Social Media: I call this the necessary beast. Facebook, Twitter, WordPress, YouTube and many others are avenues to showcase your work. The more of them you subscribe to, the more likely you will be found. Not only that, but your name will show up in search results on google more often. When I first started I searched for my name a few times and I had to scroll through several pages before I found an obscure reference to me. Now, when I do the same search, there are several references to me on the first few pages.
None of this guarantees success and there is one and only one simple reason for this. The competition is so fierce that anybody with an internet account who claims to be an author is publishing their books. Many of them are, to put it bluntly, rubbish. But many others, like the members of PiA are anything but. I have watched some of you grow from single book writers, learning the craft, to fully fledged authors. Some even have their own small publishing house. Many of you have not just one, but two or more books to your name. And there is one thing that separates you from the ocean of other so-called authors. You are stayers. You are here for the long haul. You will outlast and outshine those lesser souls because there is true value in your work.

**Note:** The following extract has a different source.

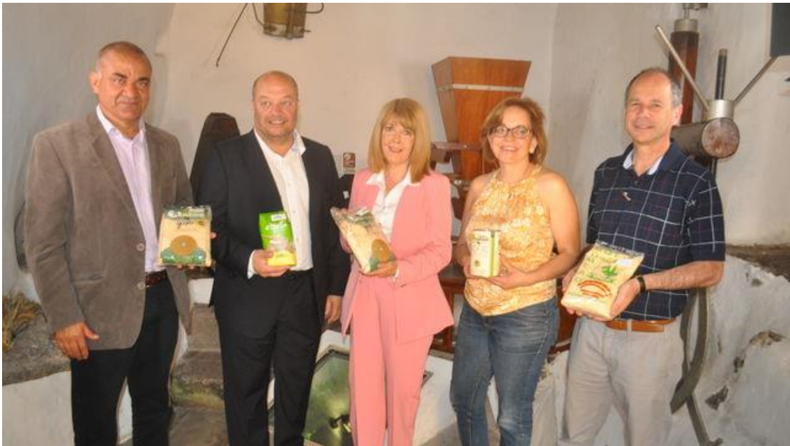
Momento de la presentación del fallo de 2018, en Fargas (Gran Canaria)

La Gomera logra en esta cuarta edición del concurso 15 de los 18 galardones del certamen, mientras que Tenerife obtiene dos premios y Gran Canaria uno; La Palma no presentó producto a concurso

So be confident. Sell yourself. But do so with the reader always in mind. Be sensitive and don’t be overbearing. Don’t ever call yourself an aspiring author. You are an author. By virtue of the fact you have published your own book, makes you an author. But it’s the quality of what you do that stands above the rest. In years to come, when the oceans have receded and the islands have once more been exposed, you will walk on your island and people will see you from a distance and they will recognize you because they know your work. For they have read your books.